Okay, Context. This was posted on December 30, 2014. Yes, it was about Leelah's punching her own ticket out of the town we call life. I'm reposting it here because of rumours running around about the Staff deleting anything touching on Leelah's death. This was a personal journal post I shared with the world, and I want to make sure it stays shared. I even added parts after the fact when I reblogged it. Also, Trigger warning about suicide and implied erasure.
It was cold today.
That’s how I will remember it.
I got out the door around 7 a.m. and ended up in the middle of the highland desert in Winter. It was brutal. Winds so strong they had to re-route buses and other such high profile vehicles between Salt Lake and Weber county so they wouldn’t be blown over. The wind chill was unimaginable and me without anything to save my ears. I was thankful to get to work safely.
It was brutal today.
We ended up 50 in queue often enough that it made me frustrated. Even when I got off the phones to work as a knowledge expert, I ended up taking calls because it was that swamped. I ran into people who didn’t know how to do their job and our sup call line was backed up and under staffed.
But it was cold today.
I learned of someone who died by committing suicide and stepping infront of a truck. I learned of a sister that I will never have the pleasure of meeting because she punched her own ticket out of here. I learned of a sister who with her death wanted to make a statement that is sealing this unholy year of 2014 shut.
Everything after learning that had more of a razor’s sharpness to it.
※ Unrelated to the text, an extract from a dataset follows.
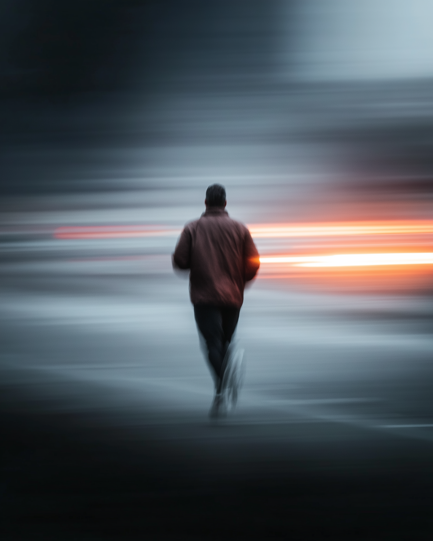A runner in motion on a blurred street with streaks of orange light, creating a dynamic and energetic scene.

It reminded me that we can’t save everyone, but that is no excuse to stop trying. It reminds me that I still have a lot of growing to do, and that I still can feel as deeply as I once did. I pray Leelah is learning of God’s true love in the next life, instead of the counterfeit her parents handed her. I pray she makes the friends she needed up there, instead of the ones she got down here. Most of all, I just pray she’s safe and at peace now.
This world is a cold one.
It is cold and brutal and dangerous. If we don’t stand together, we can never endure to the end. Regardless of how you find them, who they are, or how strange they maybe, may you find your beloved family. May they be closer than scales on a lizard, and stronger than Covalent bonds. Make 2015 a year to remember, and to hold together. Never ever be discouraged by how impossible the road ahead of you is. You live now, where the impossible is made possible every minute. So lets do the impossible, always.
We have done it before, we did the impossible, and that makes us mighty. Lets just do it again and make 2015 a year of good news.
Added as of February 8th 2015
Considering I have been hearing rumors of Staff deleting any post of Leelah, I want my journal to have some proof it exists. I also want to add this:
I will never be erased. I will always yell. You can never silence me.
Quit trying too.
This might be her parents vieing for the right to be forgotten or the right of oblivion, but this event is our history as well as your own. We have a right to remember as we will. I apologize if this is painful, but we will remember December 30, 2014.